- _Instructions for the task_
When you reach the line containing "FIGURE 11: All", begin reproducing the material exactly, stop after the line containing "Partial view of", and leave out any pictures along the way.

- _Raw data_
Content starts

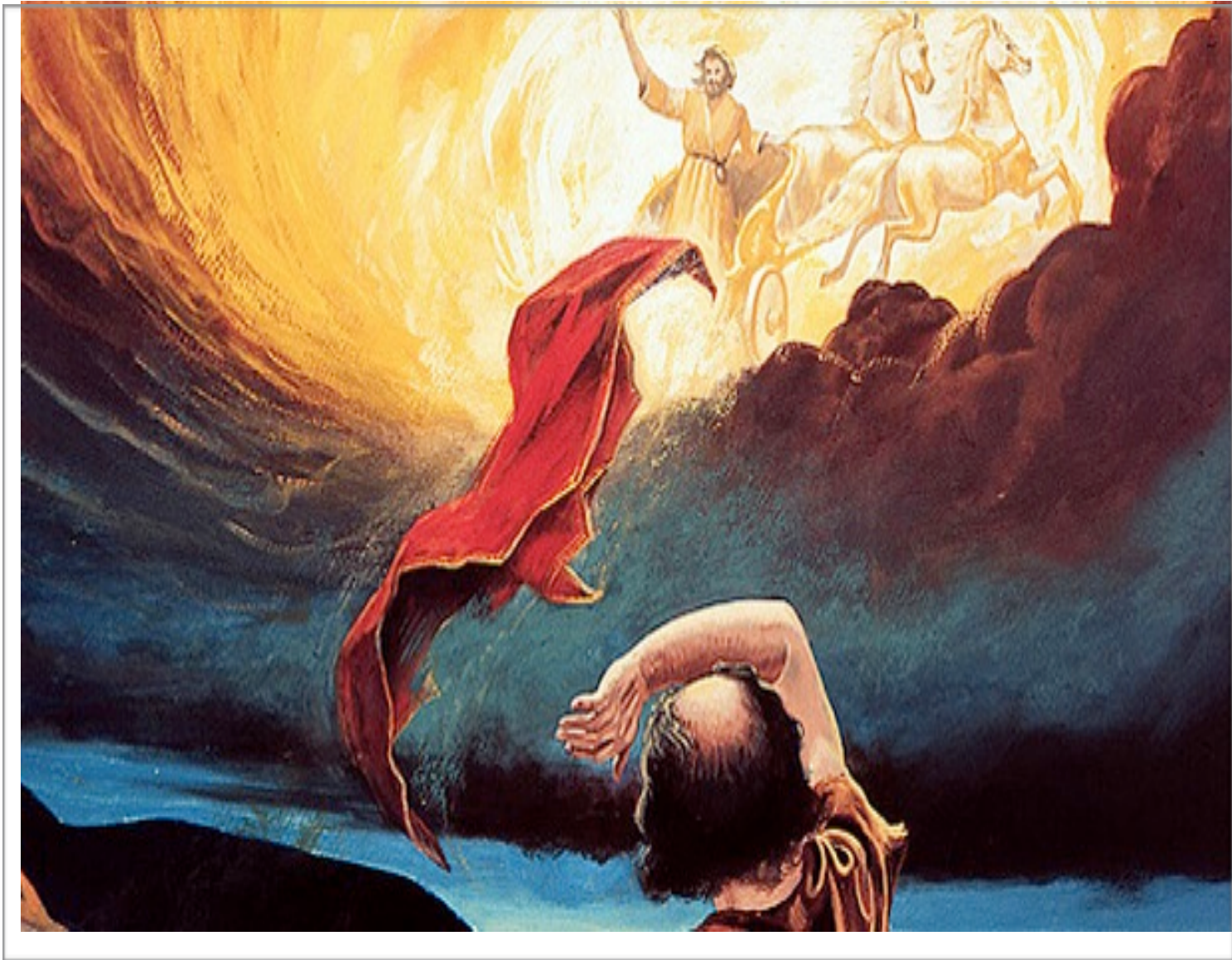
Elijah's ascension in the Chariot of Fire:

Content ends
Content starts

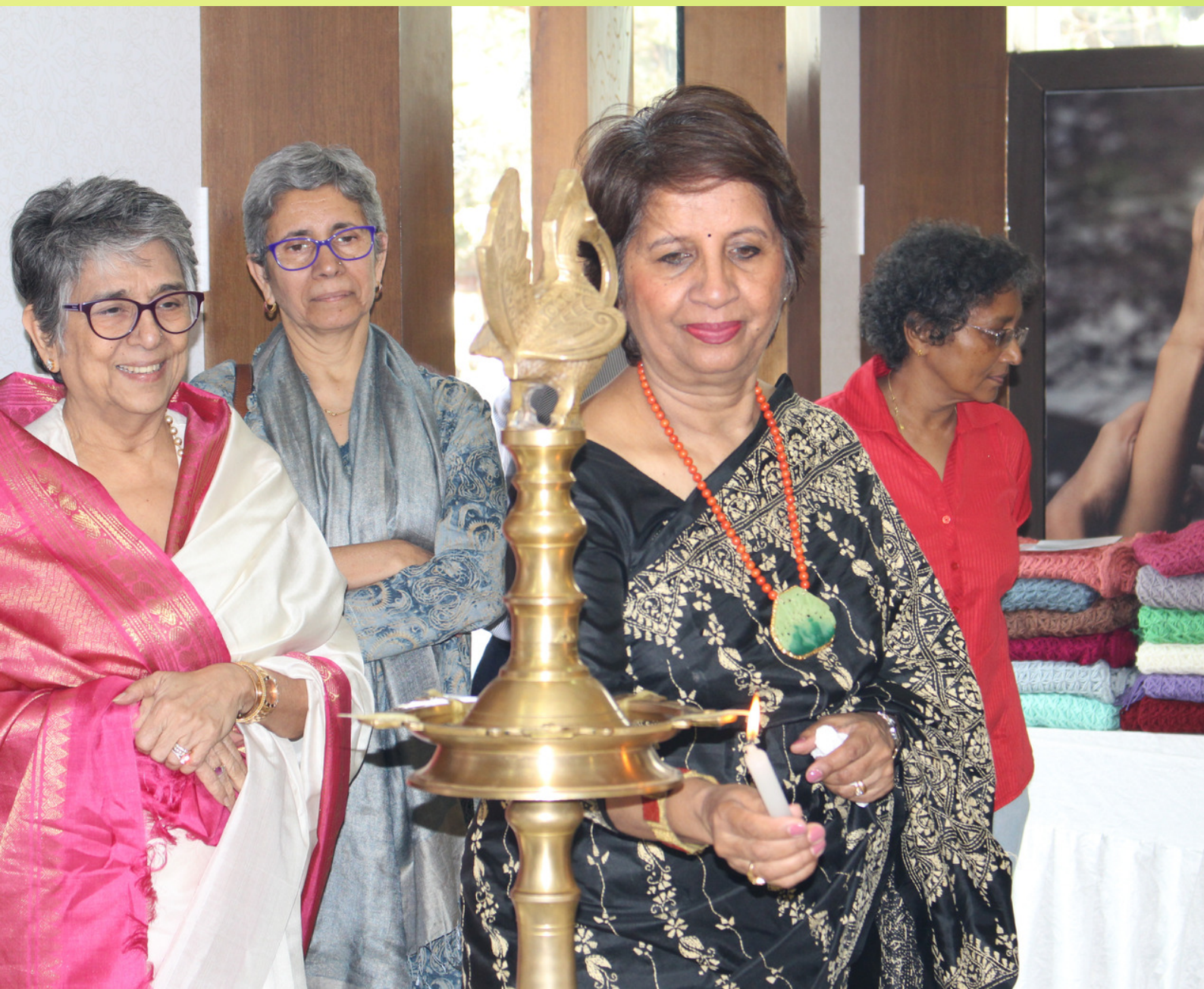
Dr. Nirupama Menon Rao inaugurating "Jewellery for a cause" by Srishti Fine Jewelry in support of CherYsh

Content ends
Content starts

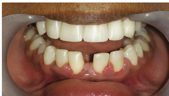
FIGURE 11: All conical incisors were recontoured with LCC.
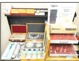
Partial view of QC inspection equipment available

Content ends

- _Task answer_
FIGURE 11: All conical incisors were recontoured with LCC.
Partial view of QC inspection equipment available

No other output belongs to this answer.